Linux Realestate

I realize I haven’t written anything here in a bit, but that doesn’t men I haven’t done any nifty Linuxy things. I have been wrestling, lately, with some screen realestate problems….

At work I got assigned a laptop to use as my workstation, and this laptop comes with a docking station. Now this dock was hooked to a nice lcd monitor, but I did notice that most of my coworkers had dial displays. Being low-man on the totem pole I didn’t give it much thought until recently when I came across a spare lcd monitor I could use as a second. Since some other people are using dual displays on the same hardware under windows, I assumed that I could, in fact, do it with Linux as well.

The laptop uses an ATI video card, and after upgrading to the latest and greatest ATI driver and creating a xorg.conf with aticonfig, I was quite pleased to see working dual displays. This wasn’t hard to get working once I found the correct information.

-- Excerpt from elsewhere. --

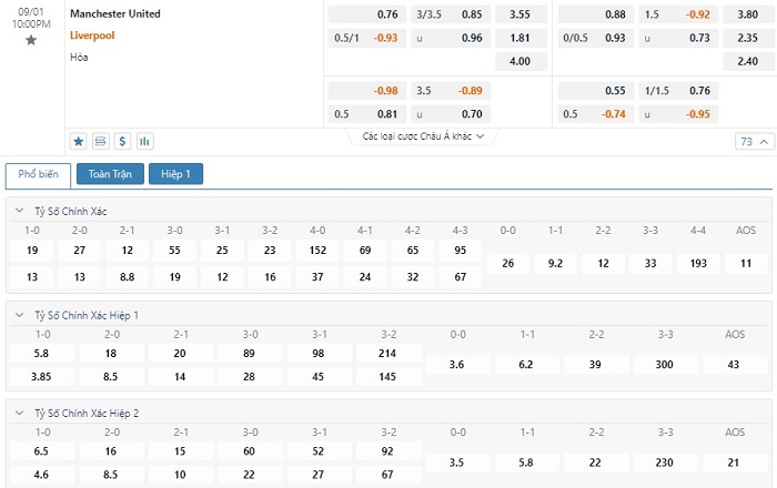 Dự đoán kèo tỷ số hiệp 1: Manchester United 0-1 Liverpool

Unfortunately, I had a real problem getting this set up *just right*. While the dual screen works, one screen is offset just a little bit, and it’s just enough to drive me crazy. I have tried everything in the book to tweak it out for about three days until I got too annoyed and just went back to one monitor (to keep my sanity).

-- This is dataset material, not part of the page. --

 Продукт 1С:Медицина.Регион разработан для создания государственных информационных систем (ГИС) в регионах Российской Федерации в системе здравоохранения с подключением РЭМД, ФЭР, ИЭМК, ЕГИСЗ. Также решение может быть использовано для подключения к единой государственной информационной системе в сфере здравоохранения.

After all that, a coworker brought his laptop in that he just installed Slackware on and one of his problems/questions was the video resolution. This is a newer laptop running ATI video and a widescreen display. Well, a quick google gave good results on getting this going properly, and the solution was, again, install the new ATI driver, and you can use aticonfig to generate a xorg.conf file. This, again, worked well, however, with one small problem. The resolution was *stuck* quite high and the only adjustment I could make was to get it very low at about 640×480. Again, ATI almost there but not quite…

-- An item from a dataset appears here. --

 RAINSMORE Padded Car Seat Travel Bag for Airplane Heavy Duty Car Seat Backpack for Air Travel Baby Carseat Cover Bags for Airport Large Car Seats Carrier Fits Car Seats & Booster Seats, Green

Forward to today where I *finally* got around to trying dual monitors on my home machine. The difference here is that my machine has nvidia for video. I plugged in another monitor and got a blank display, which was kind of disheartening. I did some quick research on the net and found some good directions on the Ubuntu forums on this. Apparently you add the twinview option to your xorg.conf and it’s just supposed to work. Well, guess what? It does! This is truely goovy to have 3 lcf screens on my desk (1-widescreen mac, 2-17 inch hooked to my main workstation (linux)).

Moral of the story: When you want dual monitors, use Nvidia.